In the entries below, begin at the line that has "On hot days, our" and stop after the line that has "Sea lions resting"; output those lines exactly, leaving out pictures.

----- RECORDS FOR THIS EXERCISE

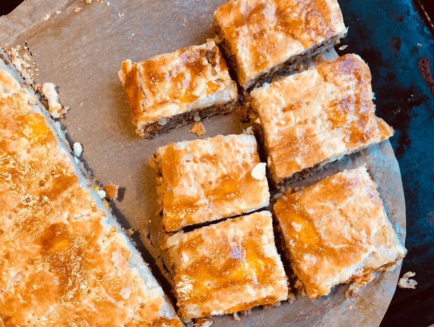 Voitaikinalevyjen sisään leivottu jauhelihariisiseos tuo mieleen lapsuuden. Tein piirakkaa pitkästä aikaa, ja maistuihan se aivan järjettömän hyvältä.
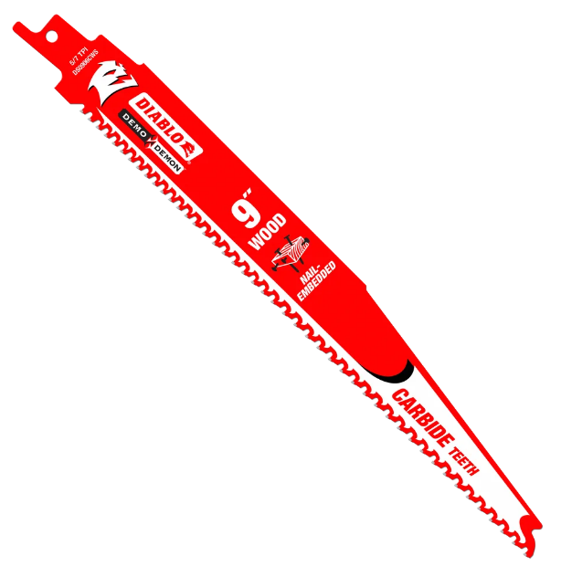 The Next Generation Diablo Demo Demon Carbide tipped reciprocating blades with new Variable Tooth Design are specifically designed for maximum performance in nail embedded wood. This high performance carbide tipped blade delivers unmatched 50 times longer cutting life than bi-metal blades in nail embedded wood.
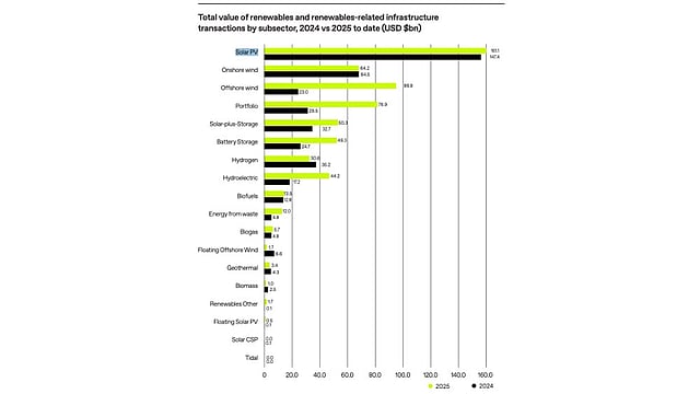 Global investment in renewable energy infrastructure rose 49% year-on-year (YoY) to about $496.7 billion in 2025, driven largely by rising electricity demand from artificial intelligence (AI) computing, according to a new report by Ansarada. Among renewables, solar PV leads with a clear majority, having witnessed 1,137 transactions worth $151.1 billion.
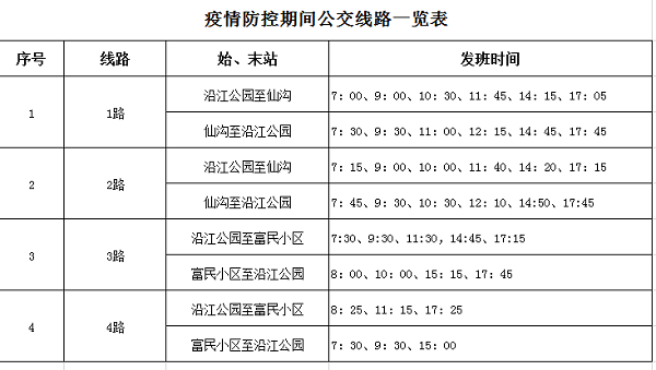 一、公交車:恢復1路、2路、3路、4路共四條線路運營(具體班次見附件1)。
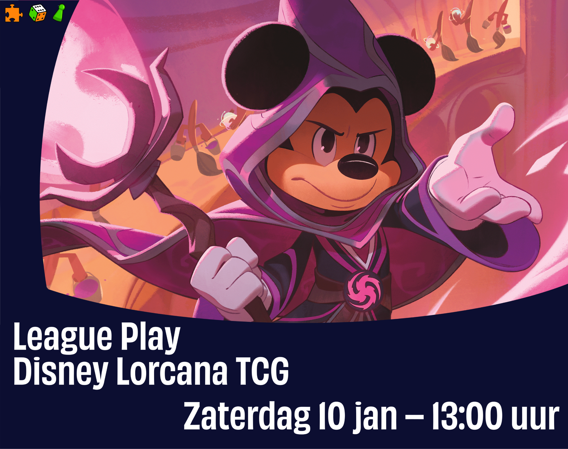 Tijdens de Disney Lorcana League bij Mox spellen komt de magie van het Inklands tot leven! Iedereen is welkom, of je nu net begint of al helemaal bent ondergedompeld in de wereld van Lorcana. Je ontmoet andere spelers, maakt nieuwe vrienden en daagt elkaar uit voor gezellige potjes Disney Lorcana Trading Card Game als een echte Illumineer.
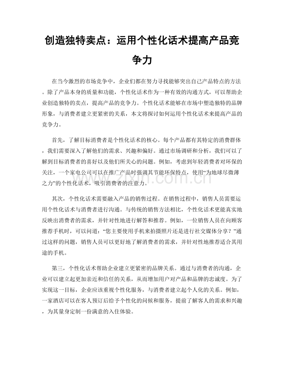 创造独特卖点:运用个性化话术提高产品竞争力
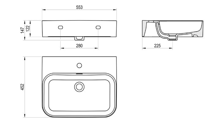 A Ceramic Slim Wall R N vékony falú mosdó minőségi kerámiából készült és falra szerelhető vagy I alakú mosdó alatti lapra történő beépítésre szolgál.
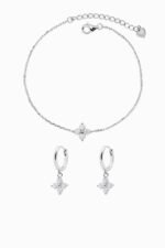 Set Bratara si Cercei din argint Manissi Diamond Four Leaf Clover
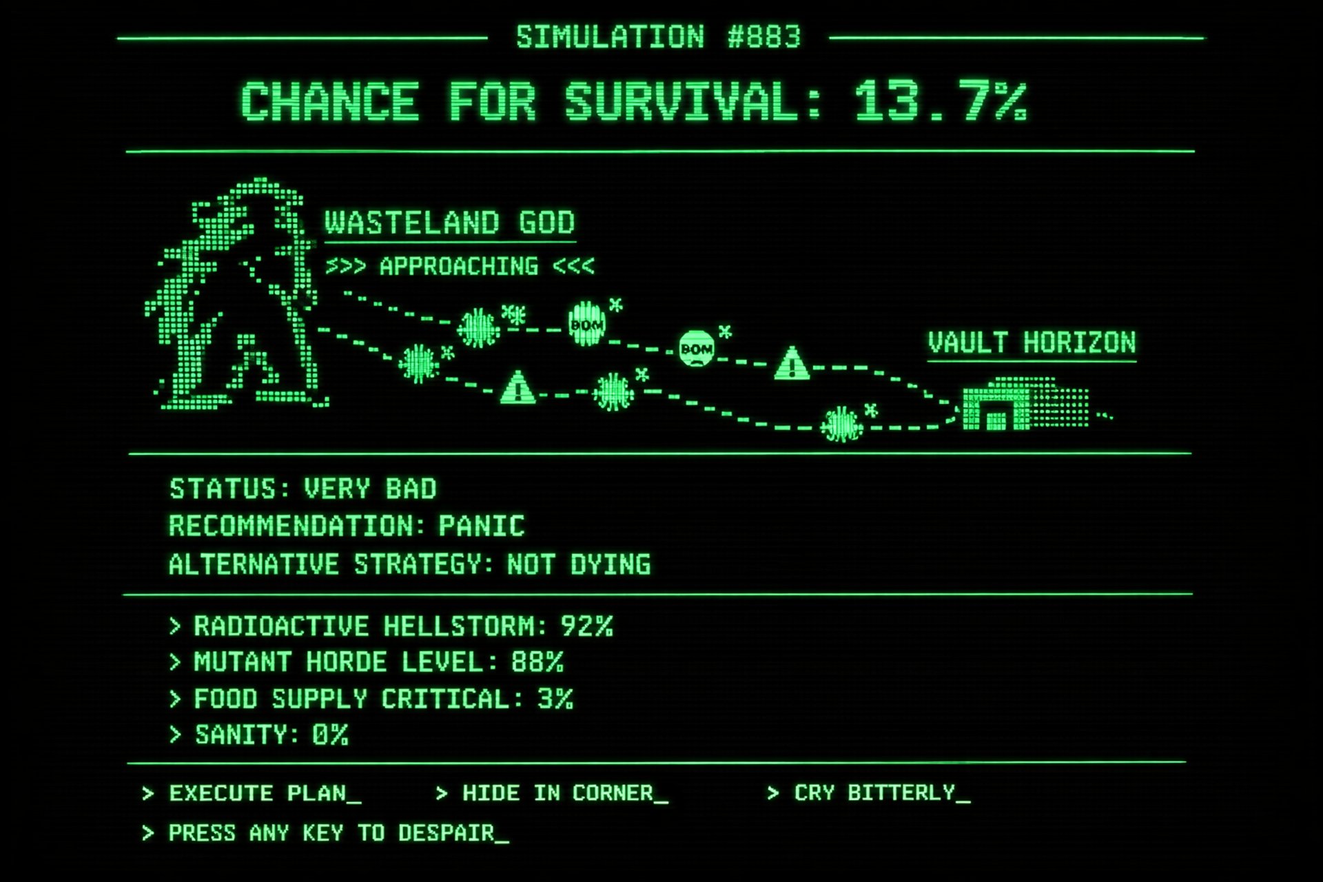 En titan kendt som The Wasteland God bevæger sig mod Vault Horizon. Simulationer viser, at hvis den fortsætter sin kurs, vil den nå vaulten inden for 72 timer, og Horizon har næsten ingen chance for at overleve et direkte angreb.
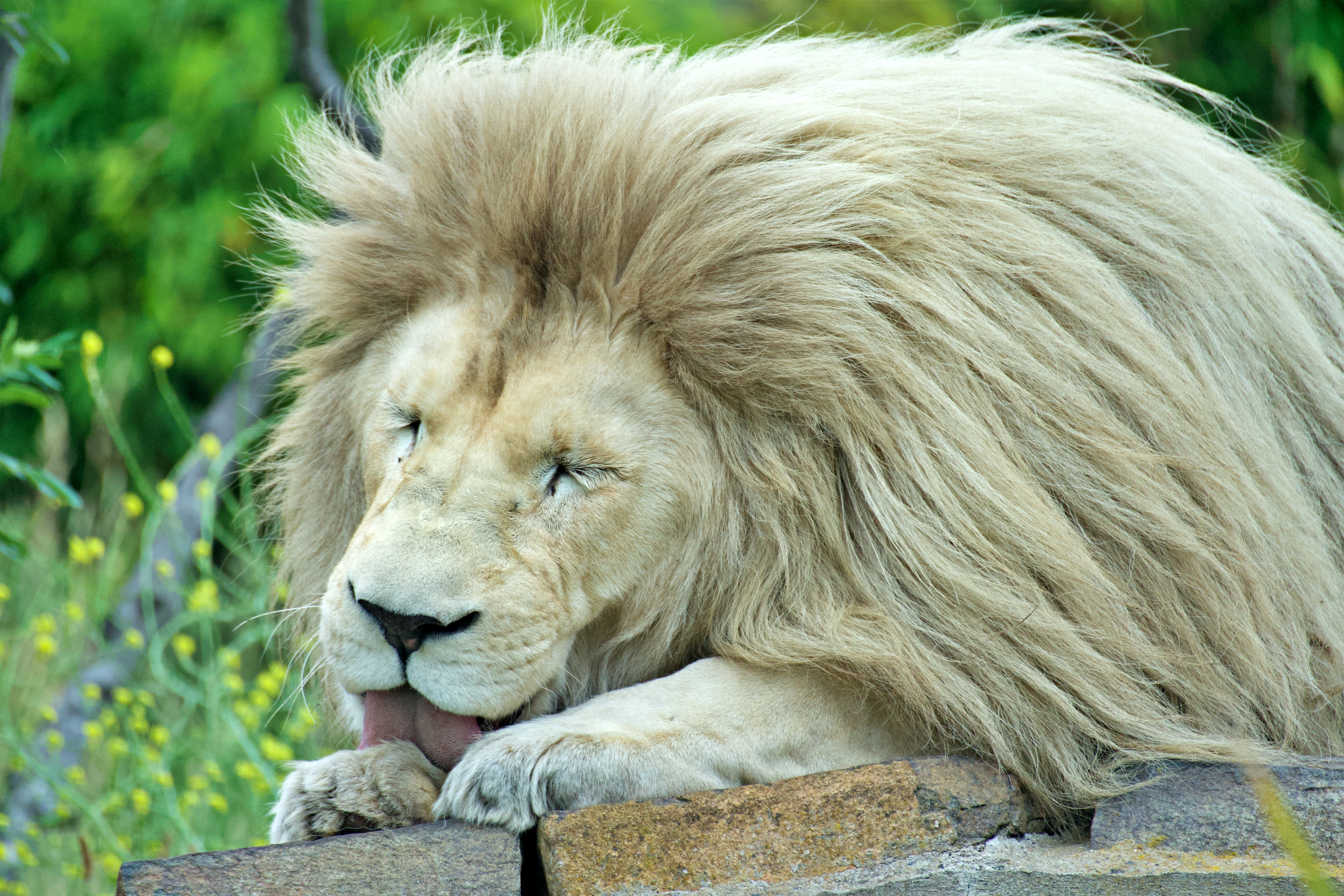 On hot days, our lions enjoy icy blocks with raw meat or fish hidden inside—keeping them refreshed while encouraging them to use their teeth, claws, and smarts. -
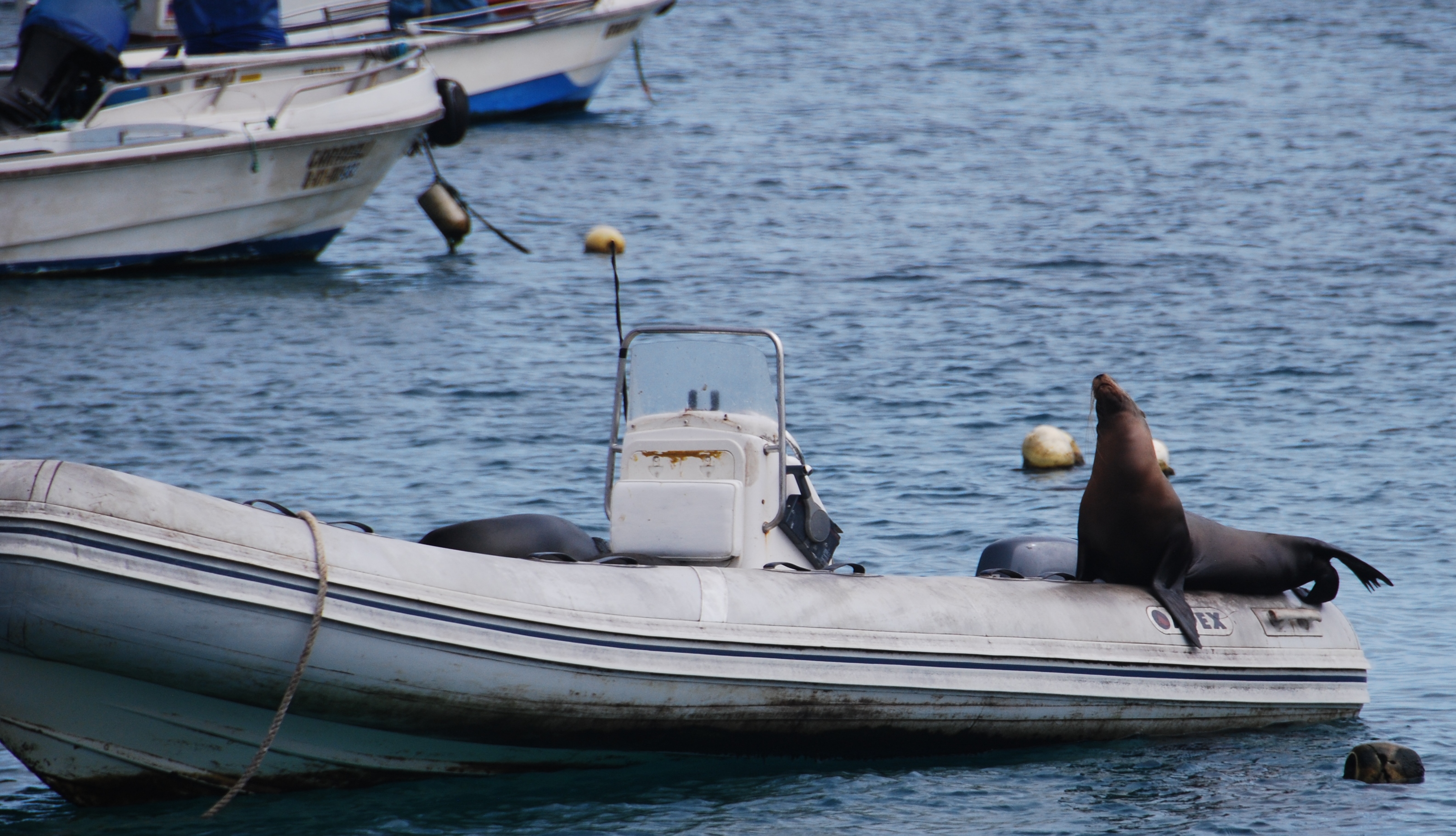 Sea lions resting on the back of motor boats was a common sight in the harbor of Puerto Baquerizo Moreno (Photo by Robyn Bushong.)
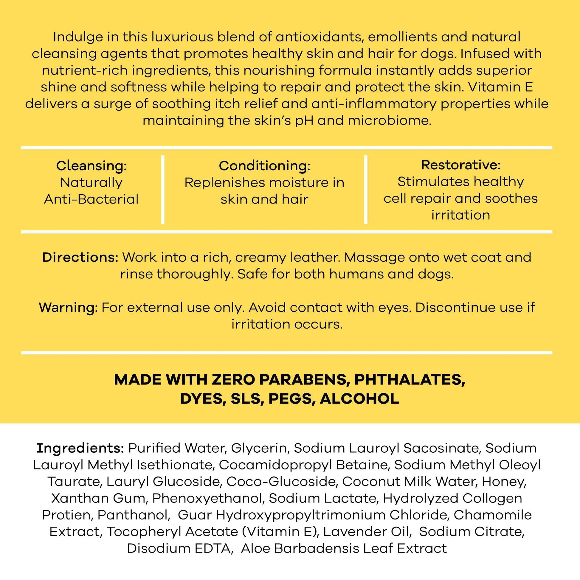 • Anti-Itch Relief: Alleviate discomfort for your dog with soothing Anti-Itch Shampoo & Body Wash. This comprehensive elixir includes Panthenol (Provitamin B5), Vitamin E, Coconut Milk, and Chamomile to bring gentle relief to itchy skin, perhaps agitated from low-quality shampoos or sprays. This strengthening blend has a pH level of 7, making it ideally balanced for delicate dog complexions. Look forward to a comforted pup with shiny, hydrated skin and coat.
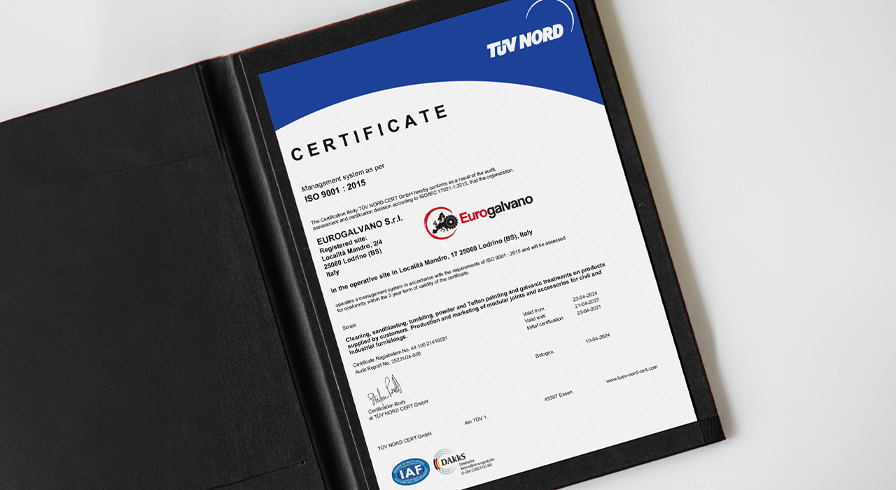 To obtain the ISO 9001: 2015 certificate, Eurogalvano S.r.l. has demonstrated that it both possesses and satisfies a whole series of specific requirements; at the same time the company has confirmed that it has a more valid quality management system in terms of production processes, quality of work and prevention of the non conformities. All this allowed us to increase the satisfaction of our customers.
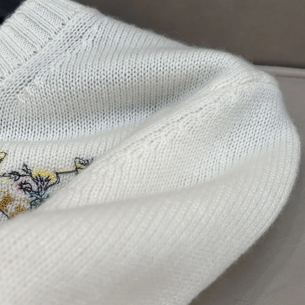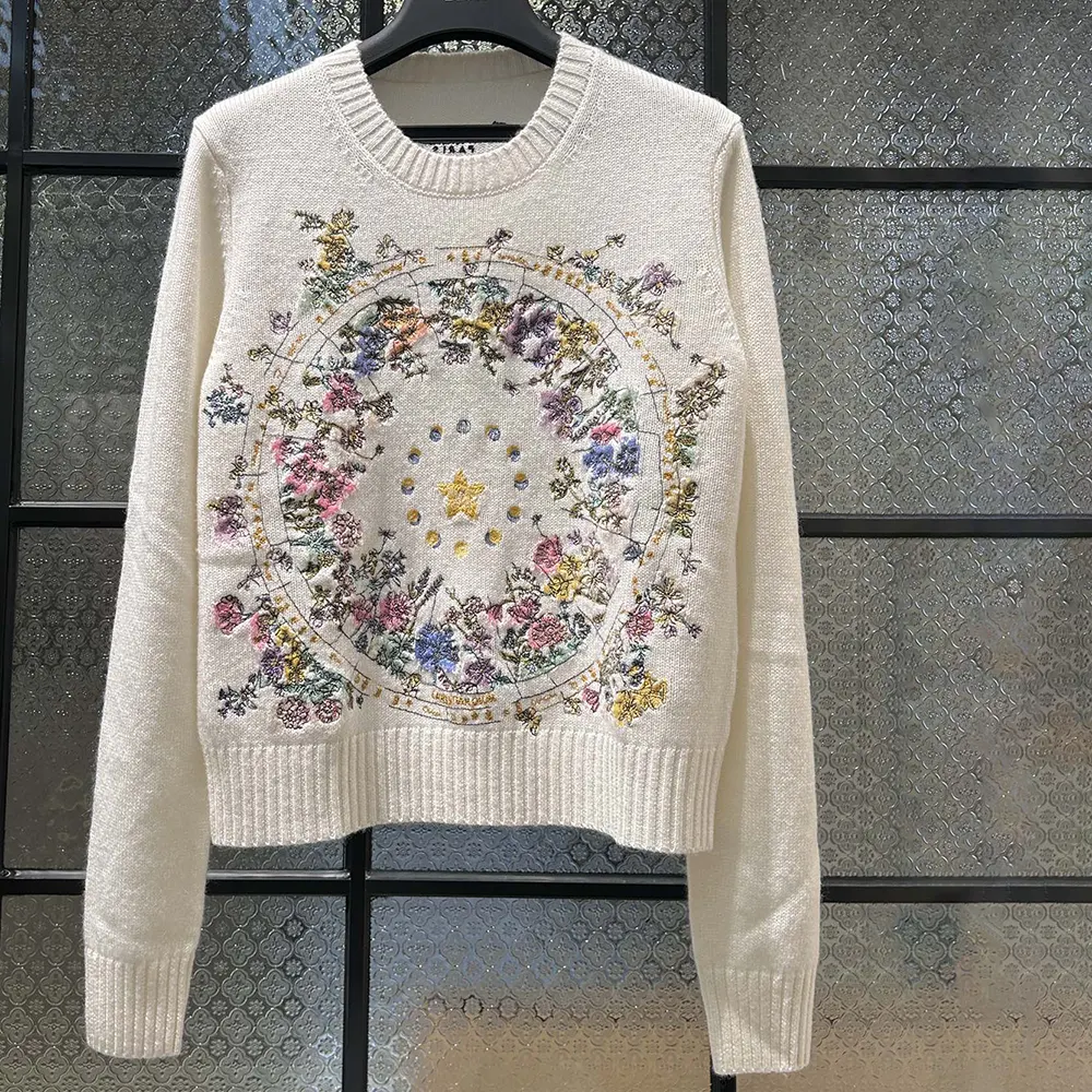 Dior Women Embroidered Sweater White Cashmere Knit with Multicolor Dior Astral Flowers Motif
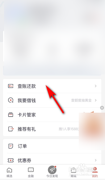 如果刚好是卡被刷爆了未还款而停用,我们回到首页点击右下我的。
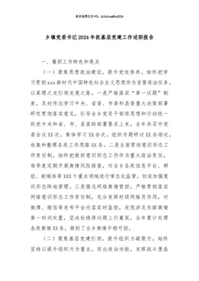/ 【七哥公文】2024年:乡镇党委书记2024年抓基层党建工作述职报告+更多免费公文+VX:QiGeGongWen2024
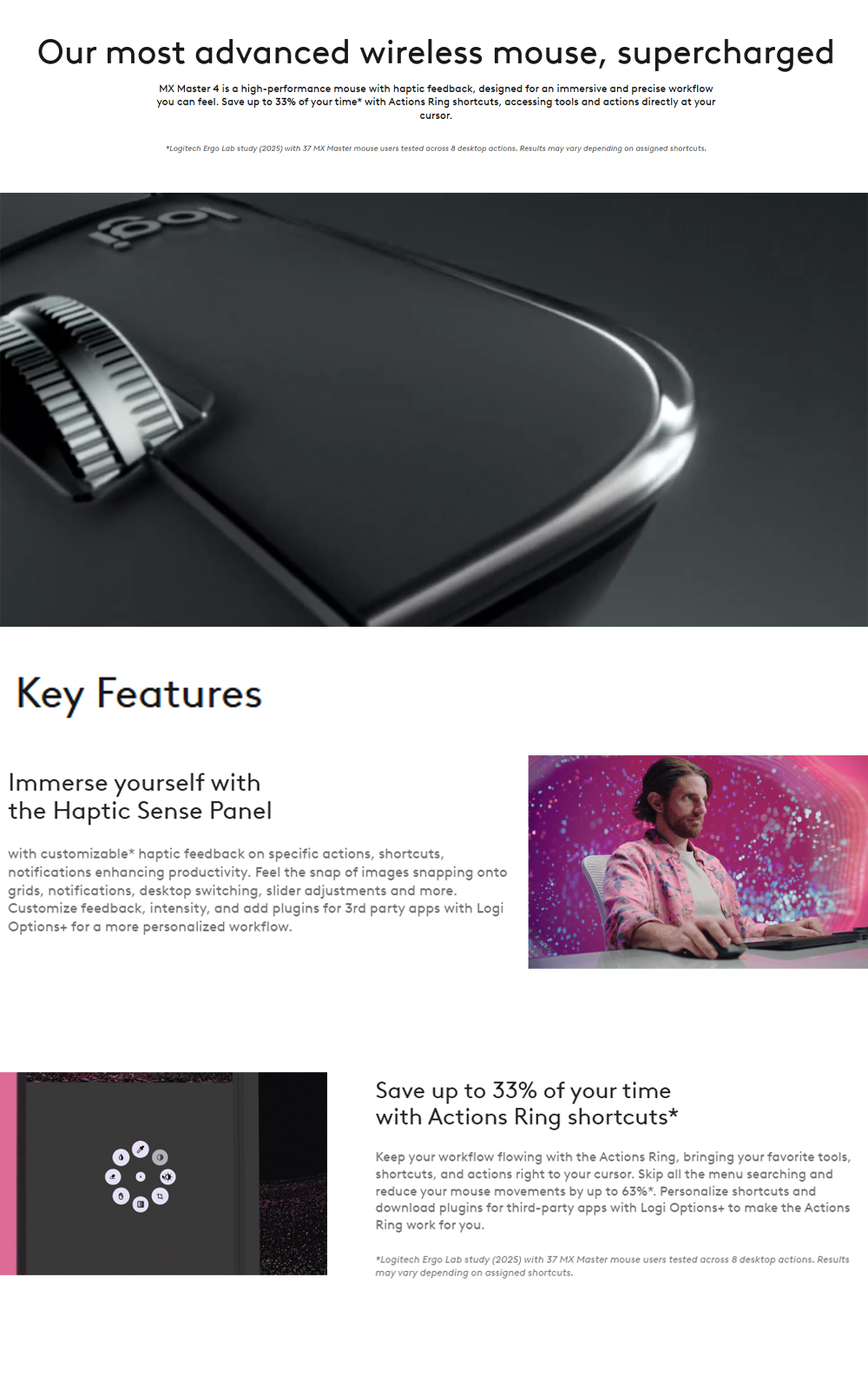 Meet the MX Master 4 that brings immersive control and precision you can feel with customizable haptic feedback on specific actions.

----------

ANSWER SECTION =>
 On hot days, our lions enjoy icy blocks with raw meat or fish hidden inside—keeping them refreshed while encouraging them to use their teeth, claws, and smarts. -
 Sea lions resting on the back of motor boats was a common sight in the harbor of Puerto Baquerizo Moreno (Photo by Robyn Bushong.)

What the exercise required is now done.